Our GI said my daughter will stay on steroids about 14 weeks - no tapering before that. Why is your GI tapering your daughter's steroids if she isn't responding yet?

In terms of Erythromycin, we used EES granules. There is also Eryped. They're just different brands, I think. You should know though, Erythromycin isn't going to a cure. She may still have belly pain after meals - especially after big or even normal sized meals.

We have to do really small meals, even with a motility medication. My daughter can eat about 300 calories at once - any more than that and she'll get very nauseous and have belly pain. Also, anything high fat and that will cause extreme nausea and belly pain.

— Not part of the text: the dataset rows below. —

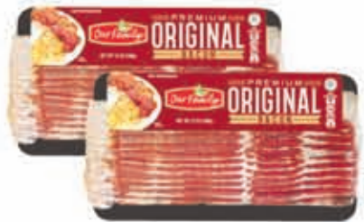
Our Family Sliced Bacon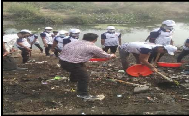
Students Swachata Abhiyan in NSS Camp at Jalgaon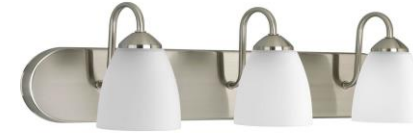
OWNER'S BATH FIXTURE Brushed Nickel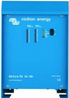
Skylla TG 24 50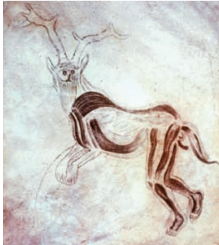
Figure 1. The “Dancing Sorcerer” from the Cave of the Trois-Frères, Ariège, France.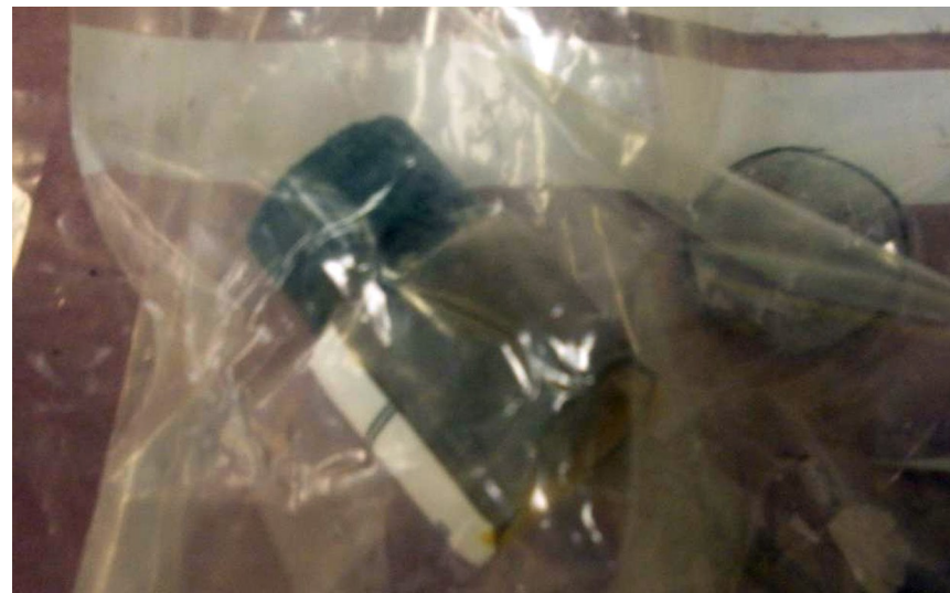
Figure 1-1. Broken glass container inside multiple plastic bags (broken bottom in upper right-hand corner)

The guest researcher, who was working alone in the laboratory and who had received no previous training in handling the sample, was not wearing gloves; and, although he noticed that the bottle was cracked, he continued to handle it. When the bottle broke, spilling the plutonium, he was unaware of the course of action that needed to be taken. He spread

For blood draws, numbing cream can help. If you're getting it done at a children's hospital, you can also ask for Child Life to come and distract your daughter.
 
She has had 2 infusions. She's been on it exactly a month(well tomorrow, the 27th). Her liver numbers and white blood cell count went crazy and he said it was more than likely from the steroids. What do we do at that point? :( 14 weeks at earliest and we have 10 left? I am at my wits end.


As far as my oldest, she's back to her tummy hurting almost as soon as a spoonful goes in. And she really likes chicken so she hasn't been eating a lot of fat. And they have offered her the numbing cream and she still refuses to do it willingly. I'm pretty sure she has ODD (we made the decision to reach out for a counselor tomorrow) and I really don't think (though I will see if there is someone who can talk to her tomorrow when we go)anyone is going to get through to her. She can't stand the thought of not being in control of a situation and that's why she refused the blood draw on Friday. :/
 
Let her control what she can - which arm she wants to blood drawn from. If she wants you to hold her hand. If she wants to use numbing cream or Buzzy or both.

I would suggest speaking to a psychologist ASAP. I wouldn't assume ODD without talking to a psychologist - she may well have it, but really only a doctor can diagnose her.

A psychiatrist or your pediatrician can prescribe a small dose of an anti-anxiety medication to use for blood draws, if they think it's necessary. But I think seeing a psychologist would probably be the first step.

I'd still try the blood draw again with Child Life - they are very used to working with terrified children. It may not work, but it's worth trying.

I'll tag some other parents who may have ideas for blood draws:
my little penguin
pdx
Mehita
Pilgrim
Farmwife

For your younger daughter, he may be able to put her on steroids at a lower dose - it's possible her liver will tolerate the lower dose. WBC does tend to go up when kids are on steroids. My daughter has been on for almost two months and her WBC is high too.

I would tell her GI that her symptoms are coming back and ask if there is anything you can while you wait for Entyvio to kick in. I can't remember if your daughter is on an immunomodulator like Methotrexate or 6MP but that would be the next step if biologics by themselves aren't enough AND since she is making antibodies to them so quickly.
 
He said before that he wouldn't put her on MTX or the like unless she made an antibody to Entyvio. I found out why. I was told during her last infusion that NONE of the doctors in the practice use MTX. He would be the first to branch out and do so.


I will definitely see about getting good someone to help with her tomorrow. I agree that a psychologist is going to be the best thing.
 
Numbing cream really does help, but it's important that you put it on at least an hour before the blood draw--don't let anyone convince you to try less time. We had one impatient phlebotomist insist that 20 minutes was enough, and the resulting painful blood draw set us back to the beginning in terms of my daughter's fear.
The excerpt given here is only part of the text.